The atmosphere was a dizzying cocktail of smells: expensive French perfume, the sharp tang of chlorine from the pool, woodsmoke from a massive shoreline bonfire, and the faint, underlying scent of lake water. The crowd was a sea of moving parts. It wasn't just the graduating class; it was everyone. Nerds in oversized blazers, townies who worked at the quarry, and girls in lace gloves.

dozens of people were splashing in neon swimsuits, some in high-cut one-pieces and others in bright trunks, while a literal line had formed at the second-story balcony for guys taking turns backflipping into the illuminated turquoise water filled with neon light sticks .

"Holy shit," Lucas breathed, his face flashing in shades of magenta as a strobe light swept past. "I think half of Indiana is in this driveway."

The "Henderson Fever" they had felt on the field had mutated into a full-blown cult of personality. The moment Dustin’s curly mane appeared in the light of the porch, a roar went up from a group of jocks near the kegs—guys who, forty-eight hours ago, wouldn't have known Dustin’s name if it was tattooed on his forehead.

"HENDERSON! THE GIANT SLAYER!"

The crowd literally parted like the Red Sea. Dustin was swept up in a flurry of high-fives and chest bumps. Because Lucas was a known entity from the basketball team, he was pulled into the fray with a roar of "Sinclair! My man!", and Max followed, her arm hooked firmly in his. She looked every bit the fierce, "don't-mess-with-me" girlfriend, her red hair flaming under the blue lights, which only seemed to earn her more respect from the older guys. Surprisingly, the wave didn't stop there. Mike and Will found themselves being swept along as if they were the entourage of a legend. People were pumping their fists at them, clapping Mike on the back and yelling, "Wheeler!" Will felt a strange, dizzying rush. For the first time in their lives, they weren’t trying hard to fit in, it all felt natural.

Stacey Albright herself, looking like an absolute queen in a shimmering silver dress, sashayed through the crowd toward Dustin. She didn't just thank him for coming, she leaned in and kissed his cheek, sending a "Whoa!" through the surrounding circle.

"Best speech in the history of this dump, Henderson. My dad's liquor cabinet is officially open for the legends."

As they drifted toward the massive outdoor patio, the real chaos—the kind of chaos that could only happen to the Party began.

Heather, one of Stacey’s close friends, spotted them. Heather wasn't like the others; she had dark, kohl-rimmed eyes and a cynical smirk.

She wasn't looking at Dustin. She wasn't looking at Lucas. Or Mike.

Her eyes locked onto Will.

"Hey," Heather said, pushing off a stone pillar and walking straight up to him. She didn't hesitate. She stepped right into Will’s personal space, smelling like vanilla and clove cigarettes. "You're the artist, right? Will Byers?"

Will blinked, his brain short-circuiting as he felt the Party’s collective gaze snap toward him. "Uh, yeah. I draw. A little."
"I like your style," she purred, leaning in and actually draping an arm over Will’s shoulder, her fingers playing idly with the collar of his shirt. Will’s eyes widened comically. It was an overt, undeniable flirtation. The party stood, mouth agape looking at each other brows furrowed in irony, as they mouthed ‘do something’ to each other.

She stepped even closer, her hip pressing against his. Will’s eyes felt like it would fall off from the helpless gazes he was sending his friends.

Mike looked like he had swallowed a live bee, his eyes were bulging, his mouth hanging open in sheer, panicked disbelief as he nudged max to go interrupt them. Heather went on completely oblivious to what was going on.

"You’ve got this... mysterious, quiet thing going on.
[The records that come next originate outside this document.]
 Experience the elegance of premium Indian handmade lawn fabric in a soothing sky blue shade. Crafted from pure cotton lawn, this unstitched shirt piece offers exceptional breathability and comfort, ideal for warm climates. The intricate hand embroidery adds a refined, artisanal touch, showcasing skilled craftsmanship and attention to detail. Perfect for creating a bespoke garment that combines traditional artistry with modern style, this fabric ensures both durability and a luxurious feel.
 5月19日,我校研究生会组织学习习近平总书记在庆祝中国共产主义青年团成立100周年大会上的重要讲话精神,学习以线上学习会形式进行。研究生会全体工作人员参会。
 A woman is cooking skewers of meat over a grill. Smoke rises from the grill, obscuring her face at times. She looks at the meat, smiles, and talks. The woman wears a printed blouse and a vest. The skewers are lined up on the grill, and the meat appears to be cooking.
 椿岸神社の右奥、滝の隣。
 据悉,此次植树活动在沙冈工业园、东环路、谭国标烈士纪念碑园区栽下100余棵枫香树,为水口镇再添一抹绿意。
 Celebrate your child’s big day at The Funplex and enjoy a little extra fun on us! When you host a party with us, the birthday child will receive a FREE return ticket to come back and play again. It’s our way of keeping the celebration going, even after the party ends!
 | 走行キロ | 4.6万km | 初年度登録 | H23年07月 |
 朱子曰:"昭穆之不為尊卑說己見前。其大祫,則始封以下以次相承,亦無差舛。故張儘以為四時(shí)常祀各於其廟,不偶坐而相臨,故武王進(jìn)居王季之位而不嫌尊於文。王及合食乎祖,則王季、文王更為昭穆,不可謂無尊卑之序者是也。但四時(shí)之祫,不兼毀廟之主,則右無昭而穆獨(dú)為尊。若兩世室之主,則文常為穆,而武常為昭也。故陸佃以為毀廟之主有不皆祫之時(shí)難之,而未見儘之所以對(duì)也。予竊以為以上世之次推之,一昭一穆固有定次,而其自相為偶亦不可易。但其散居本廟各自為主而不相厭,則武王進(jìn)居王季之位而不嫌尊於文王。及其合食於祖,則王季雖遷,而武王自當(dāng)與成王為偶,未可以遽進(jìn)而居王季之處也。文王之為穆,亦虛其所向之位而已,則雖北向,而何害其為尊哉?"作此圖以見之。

It’s definitely working for you. Why haven't we talked before?"
Will’s face turned a shade of red so deep it rivaled the neon pink floodlights. He started to squirm. "I... uh... I’m usually just in the back of the class."

"Actually!" Mike blurted out, his voice a frantic, high-pitched squeak, glaring at max for not helping. He stepped forward, hands gesturing wildly. "Will can't talk right now. He’s... he’s on a very strict vocal rest! For his... church choir! He has a big solo tomorrow morning. Very high notes. He can't risk the nodes."

Heather didn't even look at Mike. She just ran her hand down Will’s arm, her fingers interlacing with his, pulling him an inch closer. "That’s okay. I don't need him to talk," she whispered, her eyes never leaving Will’s.

"Wait, wait, wait!" Dustin jumped in, his eyes darting around. "He can't go anywhere! He has... chronic claustrophobia! If he enters a space smaller than a gymnasium, he gets the 'willies.' He starts vibrating. It’s a whole medical thing. We call it 'The Byers Buzz.' He’ll break your furniture!"

Heather let out a low, amused laugh, her fingers now tracing the line of Will's jaw. "I've got a very big room, Dustin. I'm sure he'll be fine." She leaned in, her body heat radiating against Will, and she didn't just whisper; she tilted her head and playfully nibbled on Will’s ear. While will just stood frozen, he was sure his soul left his body.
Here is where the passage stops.